Hahnemann University Hospital’s imminent closure will lead to an array of hardships for people in our city. Patients are being displaced, Philadelphia’s emergency care resources are strained, employees are losing their jobs, and pregnant women must find another place to receive prenatal care and deliver their babies.

Though these are critical transitions, we are fortunate that the Philadelphia health-care economy is large and robust, and that other institutions are prepared to care for patients and absorb employees in need of jobs. However, another group that is less visible to the public — the more than 500 physician trainees who work at the hospital — also faces profound upheaval.

Fortunately, closure of a large teaching hospital such as Hahnemann is rare. But because it is rare, and the rules governing transfer of medical residents and fellows from one program to another are unclear, the plans are prompting a chaotic scramble with little precedent. An estimated one in six physicians in the United States undergo some form of medical training in Philadelphia. With this many young doctors adrift at such a crucial point in their education, Hahnemann’s closure has real consequences for the future of patient care across the nation.

Graduate medical training programs must be able to meet stringent and specific training requirements set by the Accreditation Council for Graduate Medical Education (ACGME). Hahnemann’s owners have failed to ensure that these physicians will have the opportunity to get the training they are there to receive. Residents there should be released from any contractual obligations as quickly as possible to avoid any further disruption to their professional development and their lives.

Many of these young people arrived just weeks ago to take up residence in Philadelphia and begin their graduate medical education at Hahnemann. They have signed leases, must make car payments, and, importantly, are taking their first steps to begin paying off student debt. Many have families to support. International medical graduates on visas may be at risk of needing to leave the United States in as little as 30 days.

Now, they must desperately try to find an opportunity to continue their training. Residency and fellowship program directors at Hahnemann, who are talented medical educators, have gone into overdrive — with assistance from leaders at other academic medical centers in the region — to help each of their trainees find a new opportunity to complete the education that has been at least 17 years in the making already.

Medical residents and fellows work round the clock to care for patients in hospitals across the nation. They span from those who have just graduated from medical school to those who have already spent four to eight years practicing and are now receiving highly specialized training in fields from cardiac surgery to oncology.

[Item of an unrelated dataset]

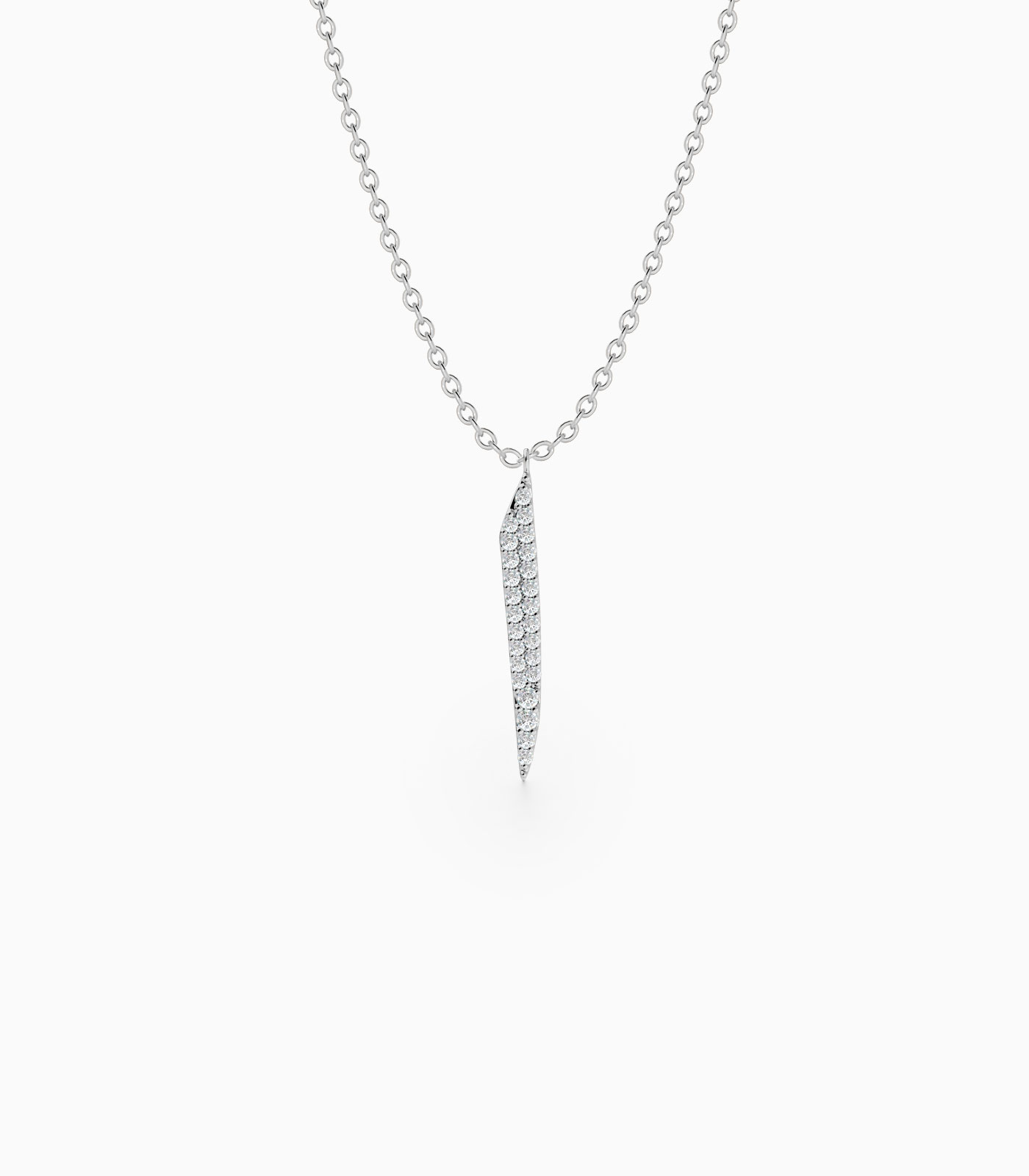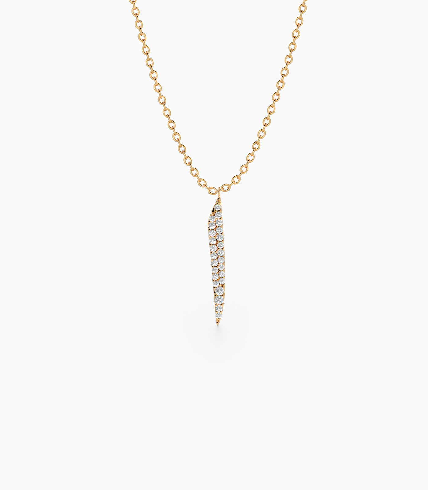 Sleek and simple, this Arabic Letter Necklace featuring “ا” (Alif) is perfect for those who appreciate minimalist design with a touch of tradition. The 18k gold pendant is encrusted with diamonds, providing a radiant sparkle that gives a luxurious feeling.

While these doctors provide valuable clinical care for health systems, residents and fellows are not primarily workers. They are in training to become fully credentialed physicians in their fields. The programs are attached to teaching hospitals, not medical schools. Hospitals receive additional payments from the Center for Medicare and Medicaid Services (CMS) to support their education and subsidize their salaries. For these reasons, residency positions are highly sought-after by health systems.

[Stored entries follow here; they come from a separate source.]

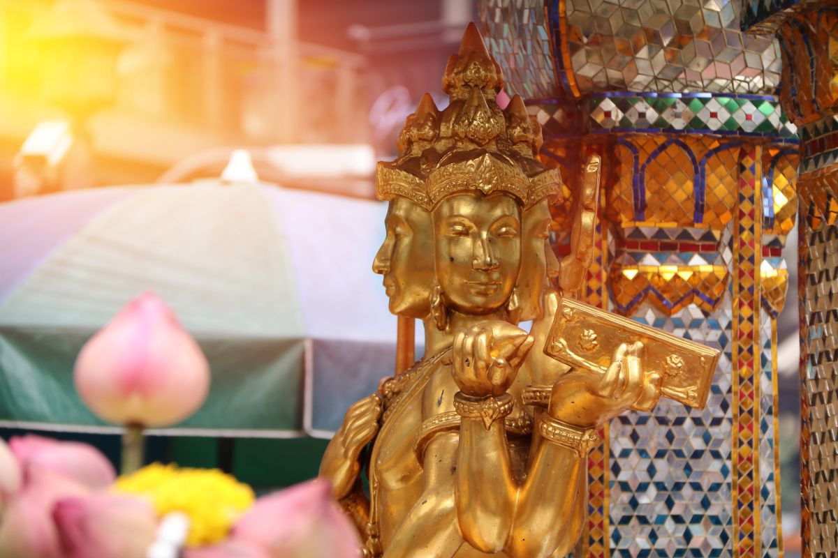 Алтарь Эраван - это индуистский храм, расположенный перед отелем Grand Hyatt Erawan на перекрестке Ratchaprasong на Ratchadamri Road в суб-районе Lumphini, Pathum Wan District, Бангкок. И тайцы, и иностранцы любят посещать это место и поклоняться этому знаменитому святому объекту. Многие групповые туры из многих стран организуются специально, чтобы отдать дань уважения Пхра Пхром. История этого священного объекта началась в 1951 году, когда генерал полиции Пхао Сриянонд назначил открытие отеля Erawan на перекрестке Ратчапрасонг для приема иностранных гостей. Говорят, что в первый период существования было много неудач. Позже, когда в конце 1956 года строительство было почти завершено, исполнительный директор Syndicate of Thai Hotels & Tourists Enterprises Limited связался с контр-адмиралом Луанг Сувичаном Паэтом, главой военно-морского флота, врачом и мастером сидячей медитации, чтобы выбрать благоприятный день и время для открытия отеля. Однако контр-адмирал Луанг Сувичан Паэт предложил надлежащее приношение. Чтобы решить эту проблему, отель должен был поклоняться Пхра Пхром, чтобы устранить препятствия, и должен был построить храм Эраван и дом духов сразу после того, как здание было полностью построено. В результате был построен храм, спроектированный г-ном Рави Чомсери и М.Л. Поом Малакул. Статуя Пхра Пхрома была спроектирована и отлита из позолоченной штукатурки г-ном Джитром Пимковитом, мастером-ремесленником из Департамента изящных искусств. Затем 9 ноября 1956 года перед отелем Эраван был установлен храм Пхра Пхром. Святилище Эраван в отеле Эраван стало первым крупнейшим храмом Пхра Пхром. Согласно индуистским верованиям, Пхра Пхром - бог строительства. У него 4 лица, каждое из которых символизирует 4 направления - север, юг, восток и запад; поэтому он может видеть и защищать все как в человеческом мире, так и на небесах. Он может избавить от трудностей и препятствий и с уважением ободрить прихожан на удачу и успех. В настоящее время святилище Эраван в отеле Эраван находится под наблюдением «Фонда Тан Тао Махапром». Туристы и желающие могут ежедневно посещать священный храм Эраван и поклоняться ему в отеле Эраван бесплатно.
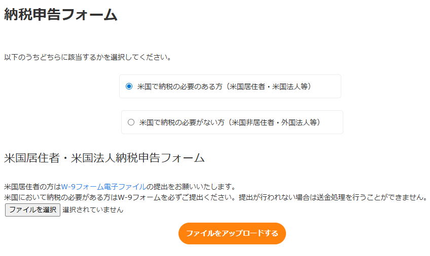 ■米国において納税の必要のある方(定義は内国歳入庁サイト)は、「米国で納税の必要のある方」を選択しW-9をPDFファイルで
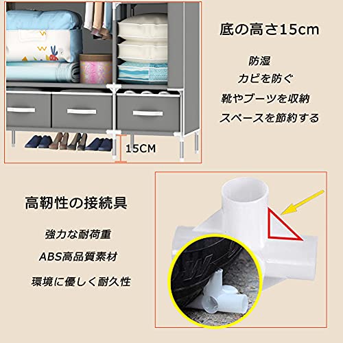 【素材】:頑丈な構造のポータブルクローゼット,直径19mmの太いスチールパイプと厚い不織布と強化プラスチックの接続口で構成されます。頑丈でながら長くお持ちできます、衣類や日用品を楽に収納することができます。
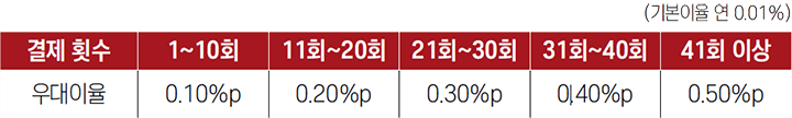 최대 0.50%p의 우대이율 또한 놓치지 말자. 이자결산기간 매월 말일 기준, 아래와 같이 카드 결제실적이 있는 경우 결제 횟수에 따라 아래와 같이 우대이율이 차등 적용된다(단, 동백전으로 충전하여 결제한 실적에 한함).
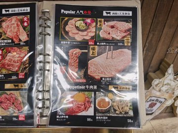 厚切牛舌 / 和牛极上厚切腹肉 / 和牛牛肋条 / 极上脑肉烤肉 / 杏仁豆腐 / 厚切腹肉
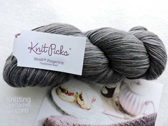 I’m not a pink sock kind of person though I do own some pink things so I opted for another color that I would wear: Knit Picks Stroll fingering weight in Thunderhead. I have two 100 gram skeins of this color and hesitated to use 75-80 grams for these socks. But then I realized that I don’t have any concrete plans for the yarn so why not use it.
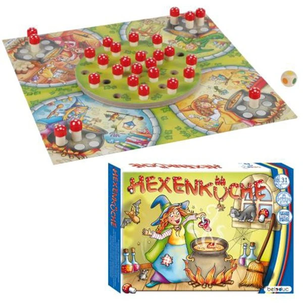 | Inhalt/Ausstattung | 1 Pappspielplan, 1 Drehscheibe, 28 Holzpilze, 1 Farbwürfel | ||
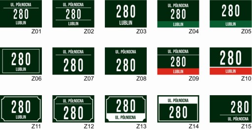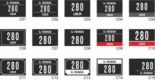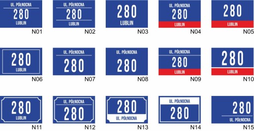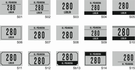 W miejscowościach, które posiadają ulice, place lub osiedla, na tabliczkach umieszcza się zarówno numer porządkowy, jak i nazwę odpowiedniej ulicy, placu lub osiedla. Natomiast w miejscowościach, które nie posiadają ulic, placów ani osiedli, na tabliczkach umieszcza się jedynie numer porządkowy oraz nazwę samej miejscowości.
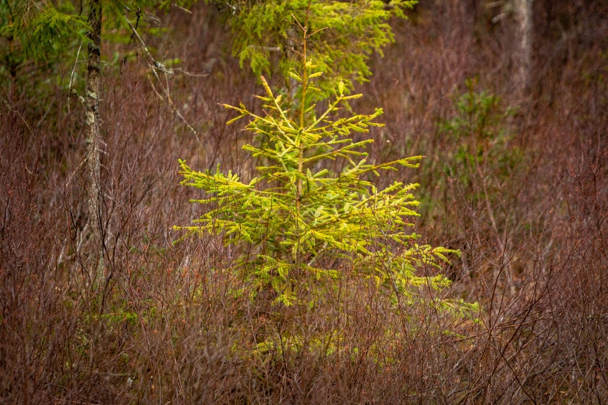Im Sommer dürfte der Urwald ein echtes Paradies für Blaubeer- und Preiselbeersammler sein, selbst jetzt, Anfang März fand ich hier lecker rot glänzende Preiselbeeren – eine Geschmacksprobe ergab allerdings, daß das kein Scherz des Klimawandels war, sondern Restbestände aus dem letzten Jahr. Lecker geht anders.

As Hahnemann announced its closure, rumors quickly circulated about deals to move entire residency programs en bloc to another institution. But just as patients have autonomy and can select where else to seek care as Hahnemann closes, so too must these residents and fellows have a say in where they complete their training.

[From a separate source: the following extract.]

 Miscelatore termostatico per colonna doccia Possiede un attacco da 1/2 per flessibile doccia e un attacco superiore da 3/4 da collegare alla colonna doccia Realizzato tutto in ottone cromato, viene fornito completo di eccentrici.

In fact, the freedom to transfer upon closure of their training hospital to another of their choosing — not one dictated by others at the closing institution — is a fundamental right assured by the ACGME. The organization has already issued guidance to ensure an orderly, fair placement of Hahnemann’s residents. A latticework of informational websites and email chains offering leads and contacts at neighboring institutions has sprung up to lend a hand as residents scramble to make plans.

We are committed to assisting as many of these young physicians as a possible, and to working with our colleagues across the city, or elsewhere, to provide the training that Hahnemann’s residents have worked so hard to earn. There are real victims in this collapse: patients, employees, and trainees. The autonomy of all of them must be taken into account by leaders and institutions in this region as we work together to absorb the fallout from Hahnemann’s failure.

PJ Brennan, M.D., is chief medical officer for the University of Pennsylvania Health System. Jeffrey Berns, M.D., is associate dean for graduate medical education for the University of Pennsylvania Health System.